Write out exactly, and only, the lines below from the line with "The Yukina Bed" through the line with "The names in"; pictures do not belong in the copy.

§ Source data

--- START ---

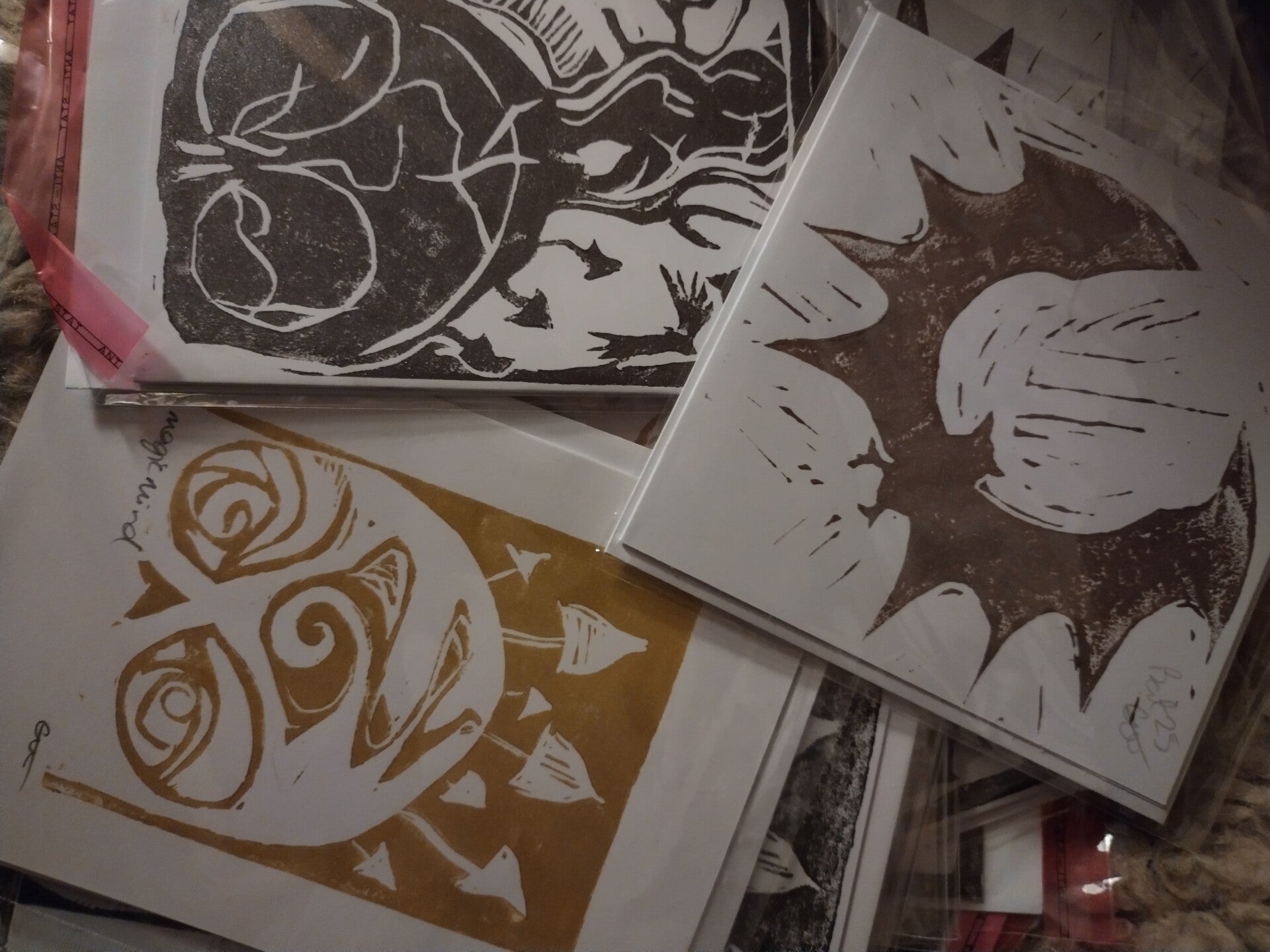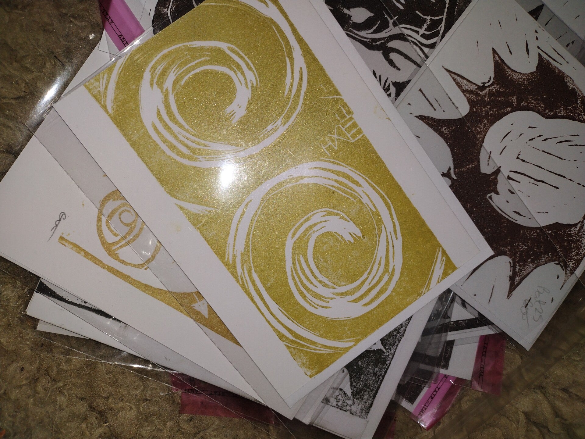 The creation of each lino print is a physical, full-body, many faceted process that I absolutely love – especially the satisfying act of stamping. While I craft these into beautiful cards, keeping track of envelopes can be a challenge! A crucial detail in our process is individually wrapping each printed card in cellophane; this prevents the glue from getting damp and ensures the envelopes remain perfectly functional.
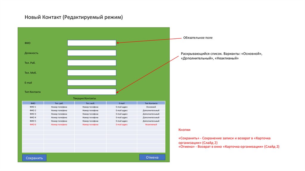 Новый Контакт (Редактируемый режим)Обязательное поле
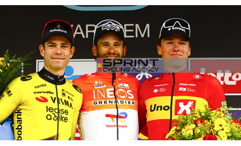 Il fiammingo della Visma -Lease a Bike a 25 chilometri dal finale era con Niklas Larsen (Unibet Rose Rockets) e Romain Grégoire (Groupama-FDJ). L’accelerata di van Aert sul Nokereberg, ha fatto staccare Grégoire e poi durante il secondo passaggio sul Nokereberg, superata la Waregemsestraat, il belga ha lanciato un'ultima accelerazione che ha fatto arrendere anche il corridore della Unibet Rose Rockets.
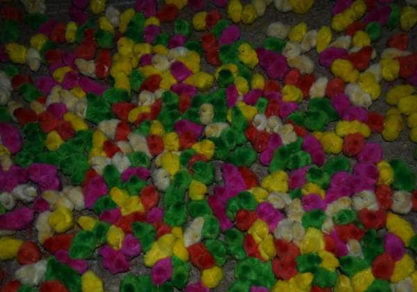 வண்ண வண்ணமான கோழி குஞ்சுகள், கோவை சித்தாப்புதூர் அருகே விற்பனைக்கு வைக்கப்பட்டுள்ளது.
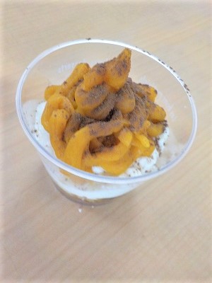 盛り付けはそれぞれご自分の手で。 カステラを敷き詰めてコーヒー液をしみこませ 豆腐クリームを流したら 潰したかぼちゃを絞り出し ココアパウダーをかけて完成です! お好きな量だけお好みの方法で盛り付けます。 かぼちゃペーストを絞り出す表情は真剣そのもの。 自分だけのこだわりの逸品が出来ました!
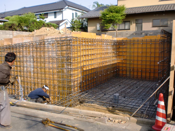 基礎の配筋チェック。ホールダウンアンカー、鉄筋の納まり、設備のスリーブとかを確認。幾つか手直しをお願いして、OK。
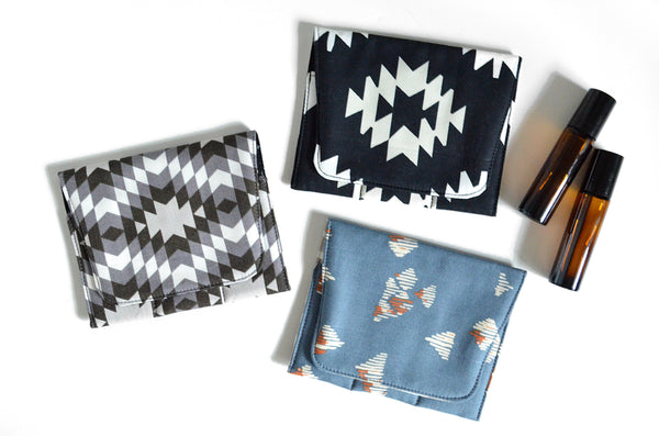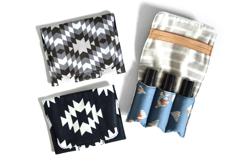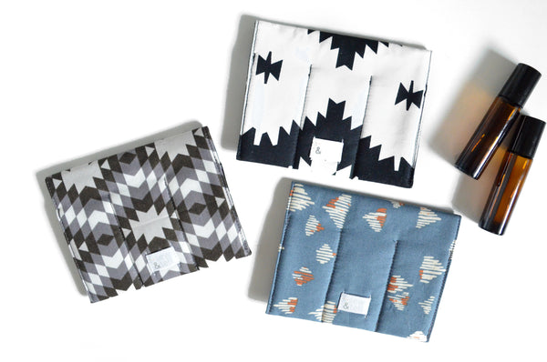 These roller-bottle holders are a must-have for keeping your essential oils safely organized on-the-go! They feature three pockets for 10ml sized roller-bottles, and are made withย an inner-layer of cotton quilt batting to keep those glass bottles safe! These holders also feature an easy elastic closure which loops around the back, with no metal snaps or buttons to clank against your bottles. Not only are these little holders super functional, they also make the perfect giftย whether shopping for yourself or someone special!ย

--- END ---
--- START ---

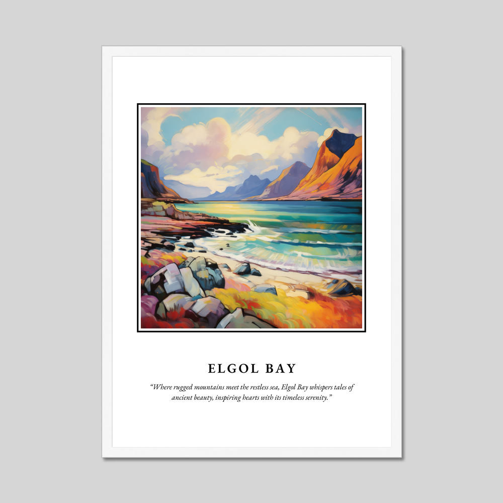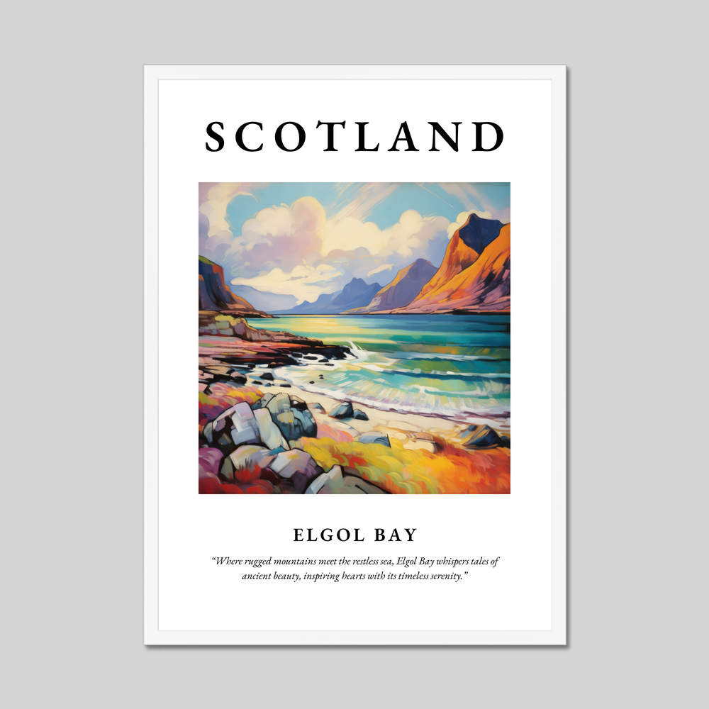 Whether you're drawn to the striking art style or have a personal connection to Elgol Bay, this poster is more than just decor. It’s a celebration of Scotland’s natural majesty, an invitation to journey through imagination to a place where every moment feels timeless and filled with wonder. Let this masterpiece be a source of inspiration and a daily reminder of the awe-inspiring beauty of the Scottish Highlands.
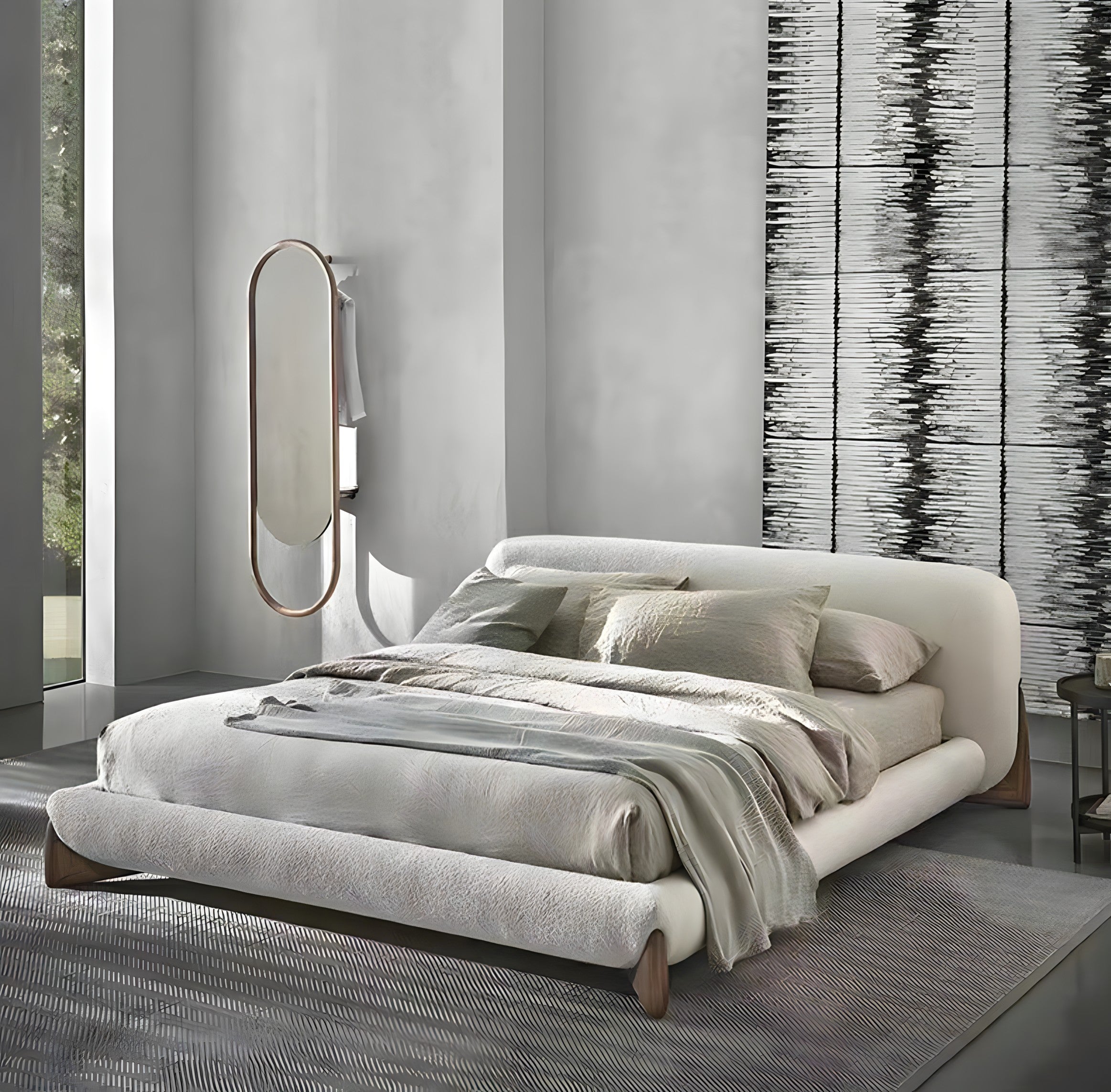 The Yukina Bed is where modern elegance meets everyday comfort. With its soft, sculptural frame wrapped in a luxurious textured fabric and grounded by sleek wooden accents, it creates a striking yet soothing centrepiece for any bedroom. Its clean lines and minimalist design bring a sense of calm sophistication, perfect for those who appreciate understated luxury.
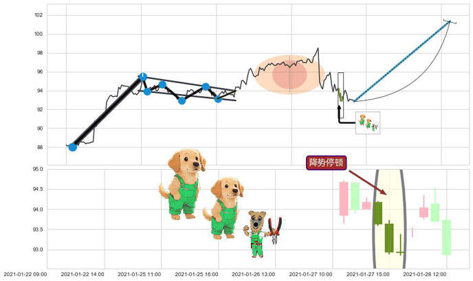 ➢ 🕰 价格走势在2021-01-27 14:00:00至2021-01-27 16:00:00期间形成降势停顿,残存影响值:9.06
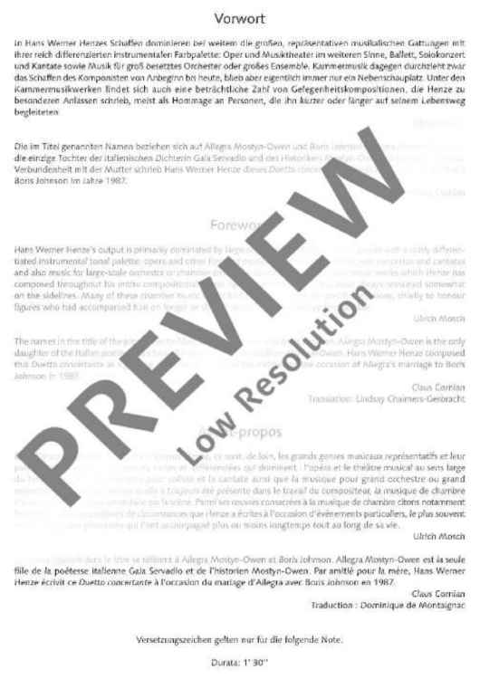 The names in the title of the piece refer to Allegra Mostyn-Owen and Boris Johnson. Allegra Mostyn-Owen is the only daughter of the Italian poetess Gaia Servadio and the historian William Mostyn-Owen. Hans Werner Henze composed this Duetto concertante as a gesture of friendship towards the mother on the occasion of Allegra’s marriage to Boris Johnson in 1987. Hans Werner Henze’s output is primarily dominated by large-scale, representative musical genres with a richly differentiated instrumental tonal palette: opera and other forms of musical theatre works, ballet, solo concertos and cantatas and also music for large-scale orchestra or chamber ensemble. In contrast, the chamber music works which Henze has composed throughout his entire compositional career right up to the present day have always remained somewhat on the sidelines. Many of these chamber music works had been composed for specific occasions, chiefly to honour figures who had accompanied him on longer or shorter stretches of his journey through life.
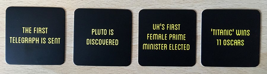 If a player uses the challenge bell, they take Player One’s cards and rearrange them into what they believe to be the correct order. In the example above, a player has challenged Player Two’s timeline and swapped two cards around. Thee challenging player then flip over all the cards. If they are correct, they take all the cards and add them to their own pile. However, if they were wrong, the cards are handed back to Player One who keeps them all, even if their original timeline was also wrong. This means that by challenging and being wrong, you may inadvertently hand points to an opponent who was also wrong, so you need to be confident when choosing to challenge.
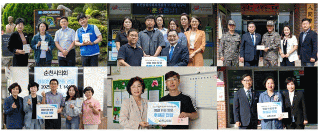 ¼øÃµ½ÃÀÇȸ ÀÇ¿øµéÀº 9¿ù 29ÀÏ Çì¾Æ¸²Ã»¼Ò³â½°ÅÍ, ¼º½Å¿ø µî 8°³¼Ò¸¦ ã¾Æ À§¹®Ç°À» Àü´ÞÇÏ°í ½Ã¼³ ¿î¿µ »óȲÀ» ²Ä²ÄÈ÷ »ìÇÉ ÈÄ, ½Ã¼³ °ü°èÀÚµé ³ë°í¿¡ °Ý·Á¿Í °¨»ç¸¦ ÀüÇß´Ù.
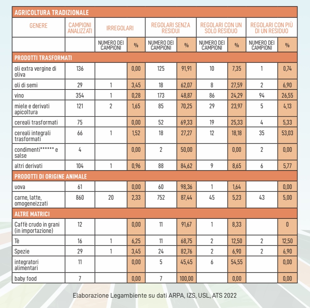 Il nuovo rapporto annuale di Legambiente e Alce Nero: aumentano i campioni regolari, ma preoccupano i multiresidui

--- END ---
--- START ---

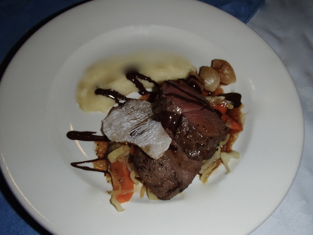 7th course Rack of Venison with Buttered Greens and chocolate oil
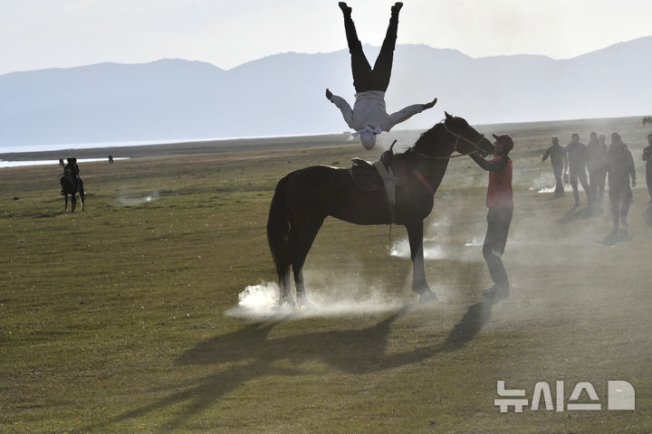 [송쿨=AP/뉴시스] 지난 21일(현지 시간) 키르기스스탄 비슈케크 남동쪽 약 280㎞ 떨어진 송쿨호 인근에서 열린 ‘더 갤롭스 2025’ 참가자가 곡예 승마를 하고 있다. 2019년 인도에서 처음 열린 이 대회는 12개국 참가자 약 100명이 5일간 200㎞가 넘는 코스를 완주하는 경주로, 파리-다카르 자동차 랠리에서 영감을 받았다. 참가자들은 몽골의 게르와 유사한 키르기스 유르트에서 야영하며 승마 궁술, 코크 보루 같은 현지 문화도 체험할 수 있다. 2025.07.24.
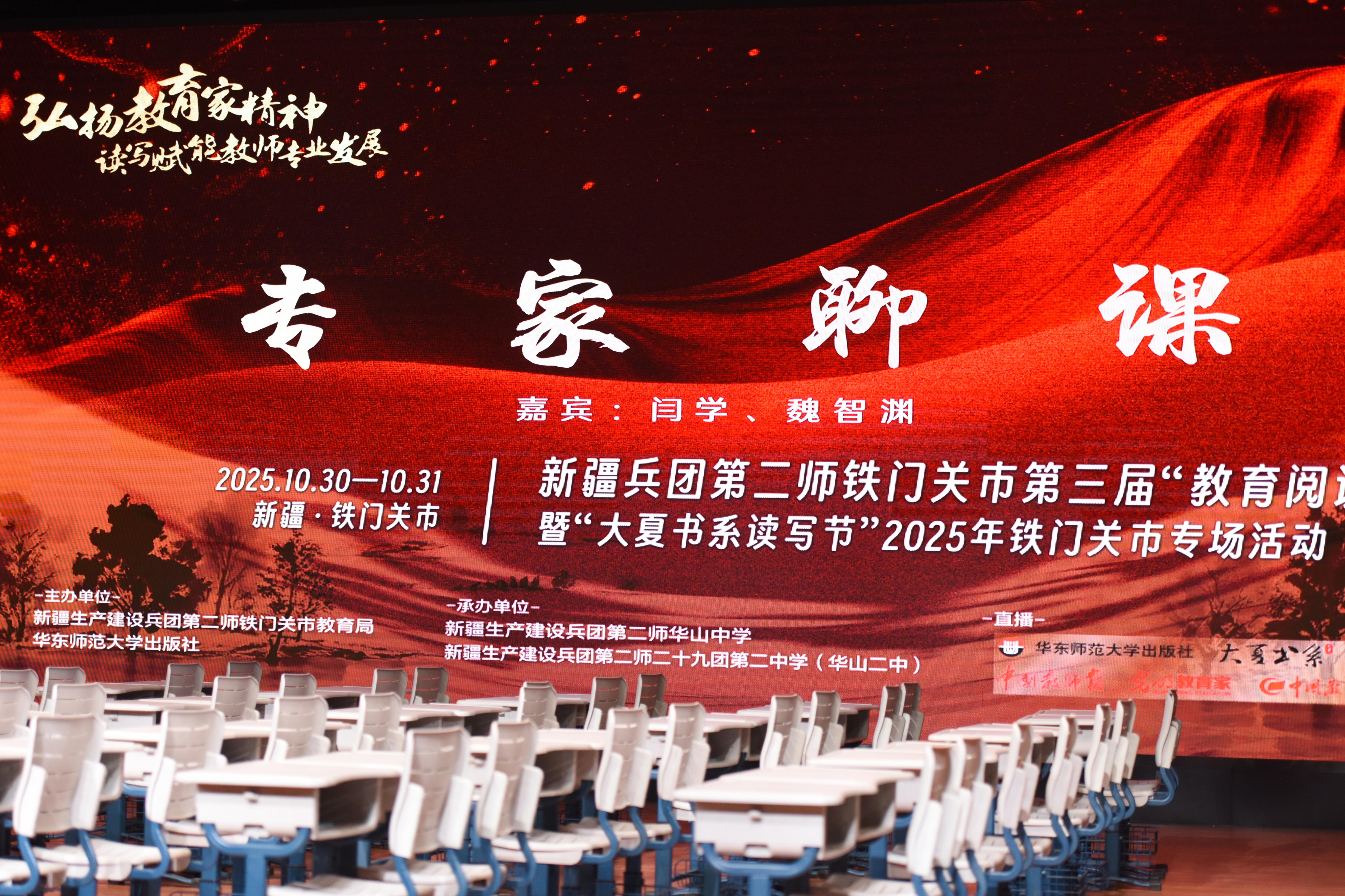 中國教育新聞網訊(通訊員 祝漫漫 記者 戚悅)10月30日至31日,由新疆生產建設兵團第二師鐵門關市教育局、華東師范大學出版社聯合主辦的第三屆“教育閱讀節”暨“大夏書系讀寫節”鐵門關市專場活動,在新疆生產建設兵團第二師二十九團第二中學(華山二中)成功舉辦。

--- END ---

§ Task response
 The Yukina Bed is where modern elegance meets everyday comfort. With its soft, sculptural frame wrapped in a luxurious textured fabric and grounded by sleek wooden accents, it creates a striking yet soothing centrepiece for any bedroom. Its clean lines and minimalist design bring a sense of calm sophistication, perfect for those who appreciate understated luxury.
 ➢ 🕰 价格走势在2021-01-27 14:00:00至2021-01-27 16:00:00期间形成降势停顿,残存影响值:9.06
 The names in the title of the piece refer to Allegra Mostyn-Owen and Boris Johnson. Allegra Mostyn-Owen is the only daughter of the Italian poetess Gaia Servadio and the historian William Mostyn-Owen. Hans Werner Henze composed this Duetto concertante as a gesture of friendship towards the mother on the occasion of Allegra’s marriage to Boris Johnson in 1987. Hans Werner Henze’s output is primarily dominated by large-scale, representative musical genres with a richly differentiated instrumental tonal palette: opera and other forms of musical theatre works, ballet, solo concertos and cantatas and also music for large-scale orchestra or chamber ensemble. In contrast, the chamber music works which Henze has composed throughout his entire compositional career right up to the present day have always remained somewhat on the sidelines. Many of these chamber music works had been composed for specific occasions, chiefly to honour figures who had accompanied him on longer or shorter stretches of his journey through life.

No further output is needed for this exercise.